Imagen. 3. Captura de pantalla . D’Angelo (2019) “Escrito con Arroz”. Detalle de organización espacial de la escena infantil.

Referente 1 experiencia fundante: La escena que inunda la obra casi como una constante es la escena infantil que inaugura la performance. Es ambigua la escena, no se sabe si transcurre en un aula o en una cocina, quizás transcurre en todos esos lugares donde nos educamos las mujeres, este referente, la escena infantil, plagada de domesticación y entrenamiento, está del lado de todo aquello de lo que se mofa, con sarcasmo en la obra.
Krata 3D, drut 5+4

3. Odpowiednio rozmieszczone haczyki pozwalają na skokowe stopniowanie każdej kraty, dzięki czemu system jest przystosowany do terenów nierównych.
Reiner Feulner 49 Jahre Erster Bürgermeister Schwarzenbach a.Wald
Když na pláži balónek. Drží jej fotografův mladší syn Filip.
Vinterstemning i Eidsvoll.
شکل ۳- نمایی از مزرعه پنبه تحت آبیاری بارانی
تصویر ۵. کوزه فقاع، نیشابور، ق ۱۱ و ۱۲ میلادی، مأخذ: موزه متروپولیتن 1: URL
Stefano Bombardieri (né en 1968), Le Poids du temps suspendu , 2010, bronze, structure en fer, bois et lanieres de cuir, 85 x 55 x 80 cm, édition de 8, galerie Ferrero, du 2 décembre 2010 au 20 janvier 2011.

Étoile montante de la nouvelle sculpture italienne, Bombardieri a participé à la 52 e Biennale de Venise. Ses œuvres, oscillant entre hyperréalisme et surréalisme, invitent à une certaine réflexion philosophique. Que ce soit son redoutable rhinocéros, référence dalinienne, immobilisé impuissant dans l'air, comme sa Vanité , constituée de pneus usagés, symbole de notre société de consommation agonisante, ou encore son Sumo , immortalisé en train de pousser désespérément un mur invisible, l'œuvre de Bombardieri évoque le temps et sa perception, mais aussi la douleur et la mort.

________________________________________

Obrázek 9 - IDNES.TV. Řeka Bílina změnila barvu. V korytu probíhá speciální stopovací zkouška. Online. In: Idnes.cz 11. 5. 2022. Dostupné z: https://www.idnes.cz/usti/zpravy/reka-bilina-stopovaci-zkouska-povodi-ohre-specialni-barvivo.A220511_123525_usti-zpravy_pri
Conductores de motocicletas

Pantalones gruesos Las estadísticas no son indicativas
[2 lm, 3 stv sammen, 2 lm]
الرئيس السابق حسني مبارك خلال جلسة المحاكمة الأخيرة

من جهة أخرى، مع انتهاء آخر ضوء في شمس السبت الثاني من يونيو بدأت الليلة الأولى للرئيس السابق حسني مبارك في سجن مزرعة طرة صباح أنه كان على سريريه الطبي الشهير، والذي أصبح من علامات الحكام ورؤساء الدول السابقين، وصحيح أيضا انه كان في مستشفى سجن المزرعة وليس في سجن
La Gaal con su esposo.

________________________________________

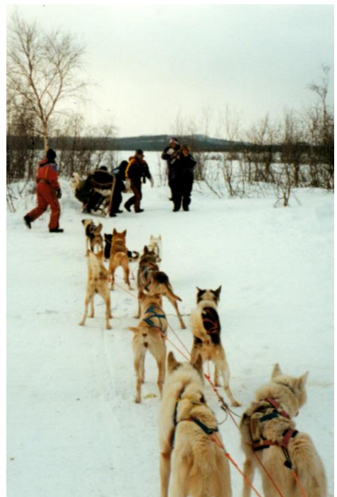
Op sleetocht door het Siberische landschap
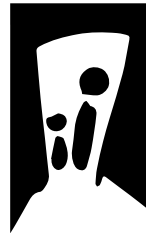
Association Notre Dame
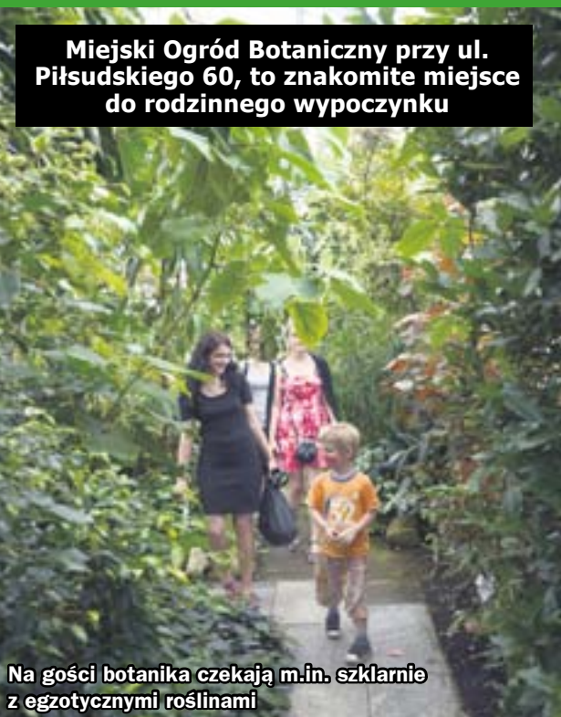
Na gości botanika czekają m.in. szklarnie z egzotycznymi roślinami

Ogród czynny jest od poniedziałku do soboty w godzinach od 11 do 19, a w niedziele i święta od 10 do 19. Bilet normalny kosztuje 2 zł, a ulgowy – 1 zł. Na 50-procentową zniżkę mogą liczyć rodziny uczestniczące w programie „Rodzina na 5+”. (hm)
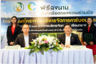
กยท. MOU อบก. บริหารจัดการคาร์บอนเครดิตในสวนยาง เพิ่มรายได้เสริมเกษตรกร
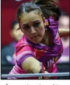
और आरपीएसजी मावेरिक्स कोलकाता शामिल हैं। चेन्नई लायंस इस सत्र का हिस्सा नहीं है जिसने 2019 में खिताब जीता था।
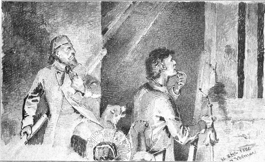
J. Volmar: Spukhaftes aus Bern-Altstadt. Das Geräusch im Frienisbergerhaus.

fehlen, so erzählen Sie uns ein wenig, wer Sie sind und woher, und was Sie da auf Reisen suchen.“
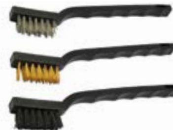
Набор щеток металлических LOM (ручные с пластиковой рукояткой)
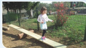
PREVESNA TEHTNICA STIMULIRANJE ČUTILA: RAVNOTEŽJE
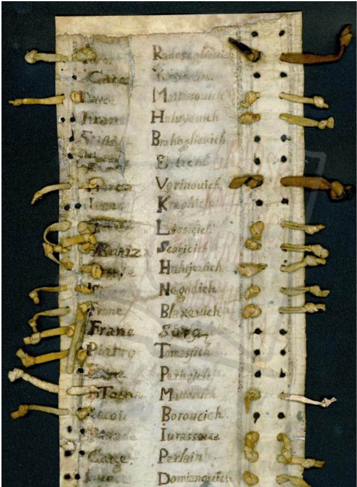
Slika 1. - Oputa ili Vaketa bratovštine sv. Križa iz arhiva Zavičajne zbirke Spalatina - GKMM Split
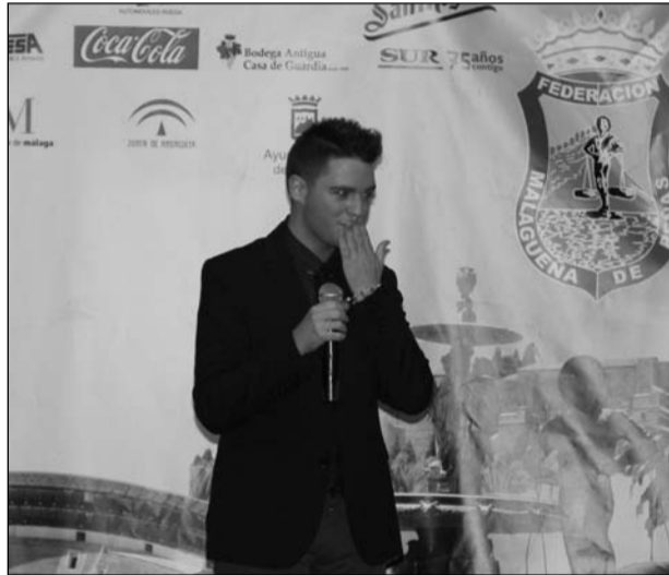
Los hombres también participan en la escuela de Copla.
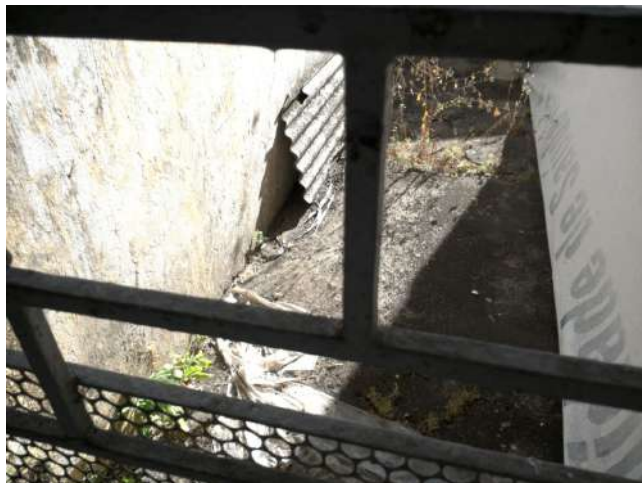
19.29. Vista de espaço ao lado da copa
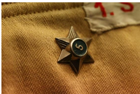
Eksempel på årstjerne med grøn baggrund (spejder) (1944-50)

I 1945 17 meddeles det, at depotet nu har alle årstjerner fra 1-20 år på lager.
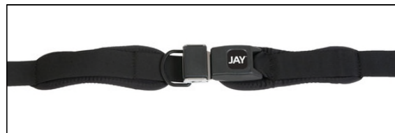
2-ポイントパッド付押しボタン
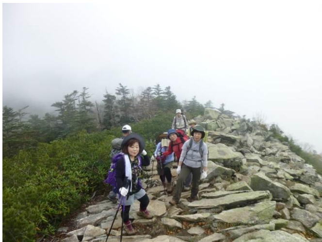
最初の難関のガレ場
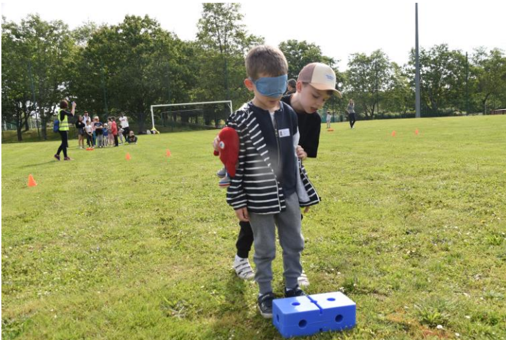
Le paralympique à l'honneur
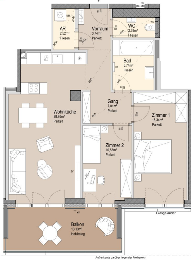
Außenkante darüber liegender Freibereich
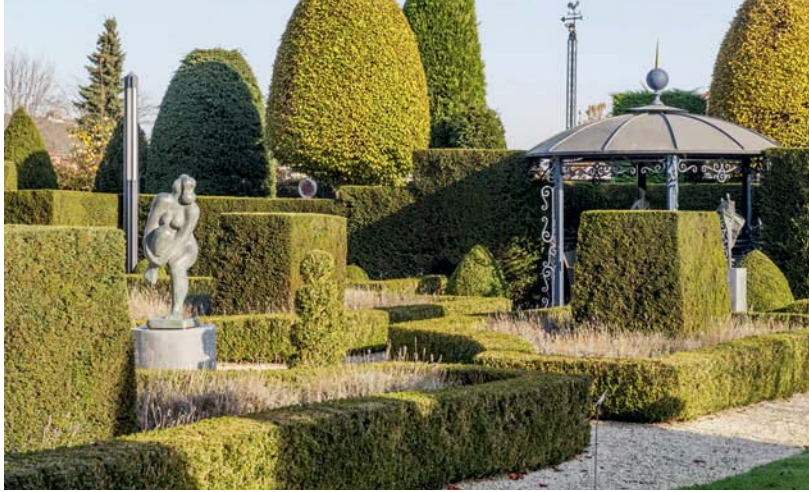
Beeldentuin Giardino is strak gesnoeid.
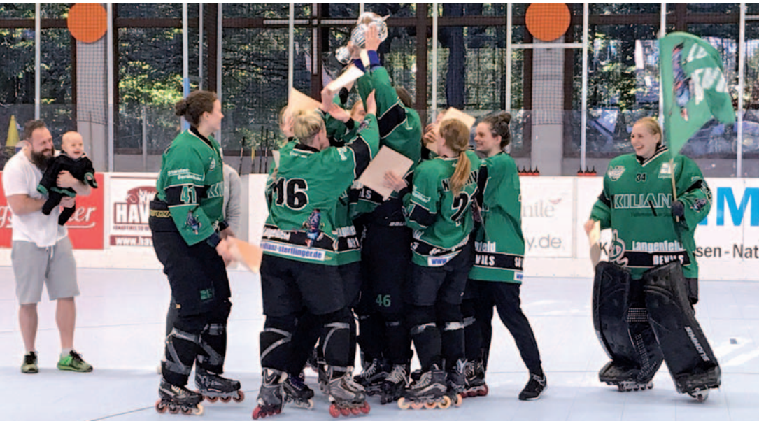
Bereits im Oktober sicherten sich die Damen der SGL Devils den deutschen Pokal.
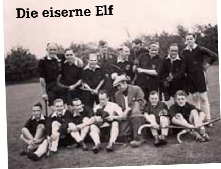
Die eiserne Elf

________________________________________

### Assigned task:
If a line in the entries contains "حسني", copy it.

### Written solution:
الرئيس السابق حسني مبارك خلال جلسة المحاكمة الأخيرة
من جهة أخرى، مع انتهاء آخر ضوء في شمس السبت الثاني من يونيو بدأت الليلة الأولى للرئيس السابق حسني مبارك في سجن مزرعة طرة صباح أنه كان على سريريه الطبي الشهير، والذي أصبح من علامات الحكام ورؤساء الدول السابقين، وصحيح أيضا انه كان في مستشفى سجن المزرعة وليس في سجن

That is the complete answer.